Position sits between shape and movement—it considers the forces and vectors being applied to the body's systems but not their speed or synchronicity. They're static rather than dynamic expressions of force; snapshots rather than movies. On its own, it's hard to tell whether the picture in the upper right shows a dead hang or a pull up variation, and for the purposes of position, we're not really concerned with the difference.
Finally, in my mind, position occupies multiple points on our spectrum; as we'll see, specificity can be dialed up or down by making slight adjustments to position, and it's important not to confuse this by imagining some Platonic ideal of what position represents.
(Why) Does It Matter?
Being able to toggle your point of view back and forth between shape and position can help you diagnose why a movement falls apart, create better progressions to help prevent movement faults, and find shortcuts to to get you and your clients moving better in less time.
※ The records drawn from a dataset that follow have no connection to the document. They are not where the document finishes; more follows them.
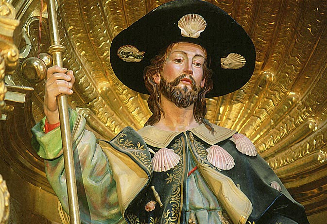 Egyrészt a Szent Jakab holttestének Spanyolországba érkezését övező legendakör. Az egyik történet szerint például miután 44-ben Jakab vértanúhalált szenvedett Jeruzsálemben, testét Spanyolországba vitték. Az egyik ló még a hajón megriadt, s lovasával együtt a tengerbe zuhant – csodával határos módon az állat és gazdája is megmenekült: fésűkagylókkal borítva lépdeltek elő a habokból.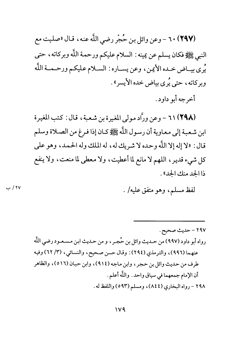 (298) وَعَن ورَّاد مولَى الْمُغيرَة بن شُعْبَة، قَالَ: كتب الْمُغيرَة بن شُعْبَة إِلَى مُعَاوِيَة أَن رَسُول الله [صَلَّى اللَّهُ عَلَيْهِ وَسَلَّم َ] كَانَ إِذا فرغ من الصَّلَاة وَسلم قَالَ: " لَا إِلَه إِلَّا الله وَحده لَا شريك لَهُ، لَهُ الْملك وَله الْحَمد، وَهُوَ عَلَى كل شَيْء قدير، اللَّهُمَّ لَا مَانع لما أَعْطَيْت، وَلَا معطي لما منعت، وَلَا ينفع ذَا الْجد مِنْك الْجد ". لفظ مُسلم، وَهُوَ مُتَّفق عَلَيْهِ /.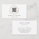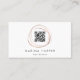 Striking business cards feature an abstract element in faux rose gold, encircling a customisable QR code. Personalise with two custom text fields beneath for your name and title or business name. Add your full contact details to the reverse side. Suitable for any occupation; example shown for hair and makeup artists. NOTE: THERE IS NO GOLD FOIL ON THIS PRODUCT. The rose gold effect is created using subtle colour variations that mimic the look of foil.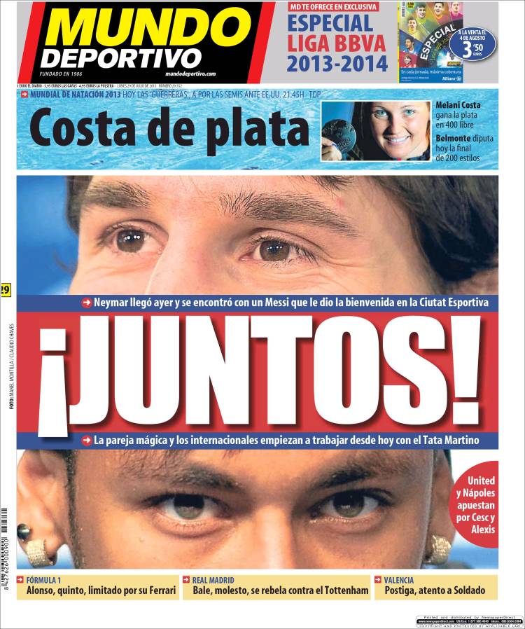MUNDO DEPORTIVO BARCELLONA – Sul quotidiano Mundo Deportivo si parla di Neymar e Messi che dovranno giocare assieme.

By understanding how shape and position complement one another, we can fine-tune the specificity of a drill, beginning broadly and honing in as appropriate.
The image below shows a classic wall drill for improving acceleration mechanics, and a screenshot of my second stride out of the "blocks". The similarities in shape are fairly obvious, and while the positions are different, the use of the wall (or tree in this case) introduces some similar forces to the drill.
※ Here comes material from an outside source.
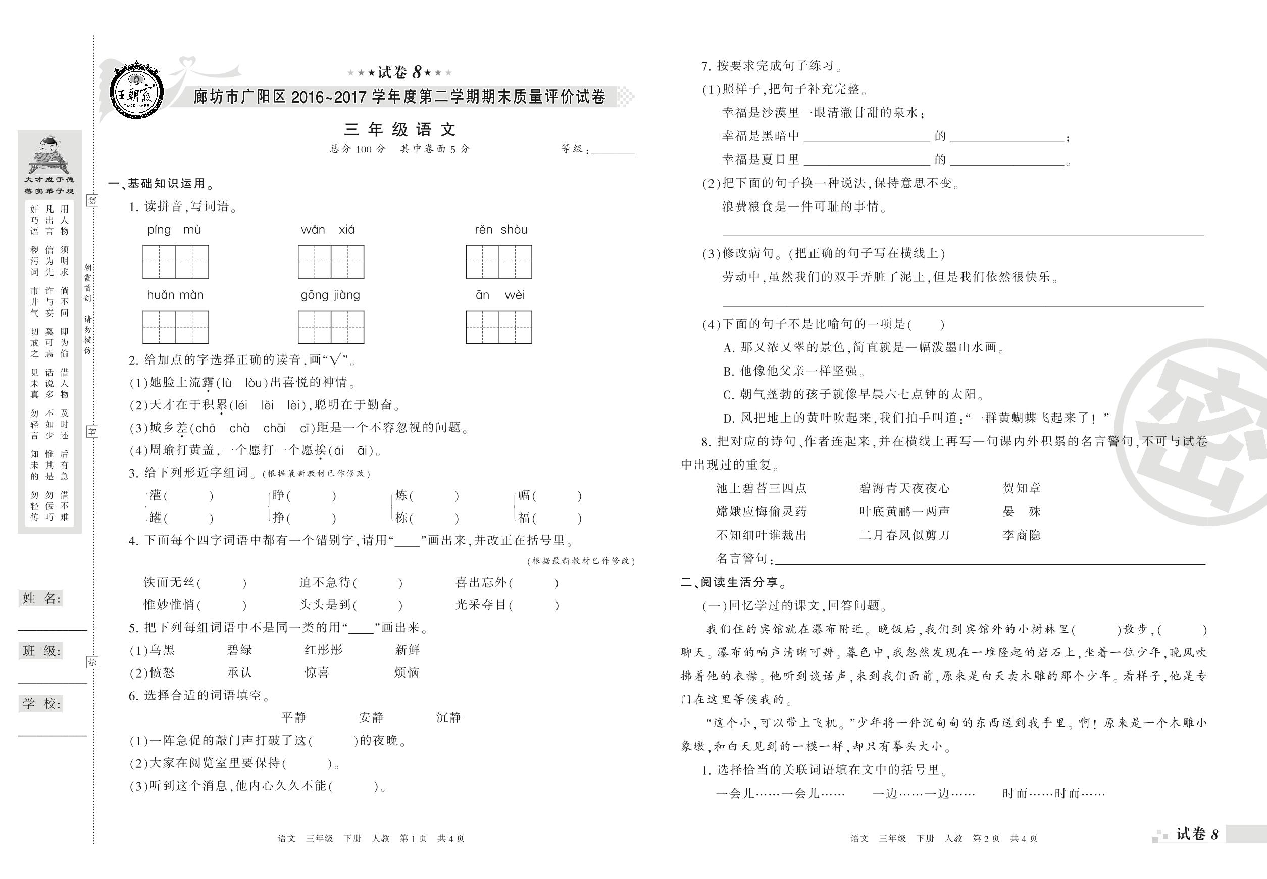 2016-2017学年第二学期廊坊市广阳区三年级语文试卷(人教版)【8】

By using shape as a constant and position as a progression, I can design (or evaluate) an exercise progression meant to improve acceleration.
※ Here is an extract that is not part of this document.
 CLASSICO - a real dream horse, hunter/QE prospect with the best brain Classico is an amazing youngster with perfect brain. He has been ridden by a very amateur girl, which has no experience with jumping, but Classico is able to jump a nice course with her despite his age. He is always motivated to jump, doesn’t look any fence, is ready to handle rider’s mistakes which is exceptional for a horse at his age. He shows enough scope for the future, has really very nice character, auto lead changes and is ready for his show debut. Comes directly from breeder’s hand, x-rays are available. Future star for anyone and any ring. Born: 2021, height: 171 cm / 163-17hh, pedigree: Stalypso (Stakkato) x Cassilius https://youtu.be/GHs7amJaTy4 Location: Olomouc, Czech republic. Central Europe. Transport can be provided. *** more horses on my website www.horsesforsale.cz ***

March with Medicine Ball Overhead
A Skip with Medicine Ball Overhead
Static Single Leg Wall Drill
Dynamic Single Leg Wall Drill—Single Switch
Dynamic Single Leg Wall Drill—Dual Switch
Dynamic Single Leg Wall Drill—Rapid Fire Switch
If you're familiar with these drills then it should be fairly apparent that the shapes involved change only slightly, while the forces—and hence the positions—edge closer and closer to the target activity of acceleration. This is progression in a nutshell; not just harder, but moving ever closer to a goal.
Big Picture (Change Header)
Movement is a collection of repetitive, sequential positions, which are themselves an expression of shapes under the influence of load. Understanding position, then, really comes down to how we think about load.
A number of years ago I read a book called Move Your DNA, by Katy Bowman, M.S. In it, she argues for a diverse "diet" of movement, and lays out a fairly compelling scientific case for our need to experience not just more movement but more variety of movement. One line has stayed with me since then:
"The twenty-pound weight is not the load. The load is the experience created by carrying it."
Katy Bowman, M.S., Move Your DNA
Put into the concrete terms of the weight room, we all recognize that where we load an athlete has a tremendous impact on the resulting movement—try keeping your ribcage stacked over your hips during a low bar back squat. It should be a relatively small mental step, then, to separate shape from position, and to consider both when prescribing an exercise. Knowing the shapes and positions an athlete owns and the ones they're still working on, as well as how to manipulate both to change the demands of the movement, gives you a clear, logical way to look at programming, particularly our progression and regression strategies. By leveraging the body's tendency to adopt similar fundamental shapes for a variety of movements we can build programs that echo this repetition, and give both coach and client a physical context for the position.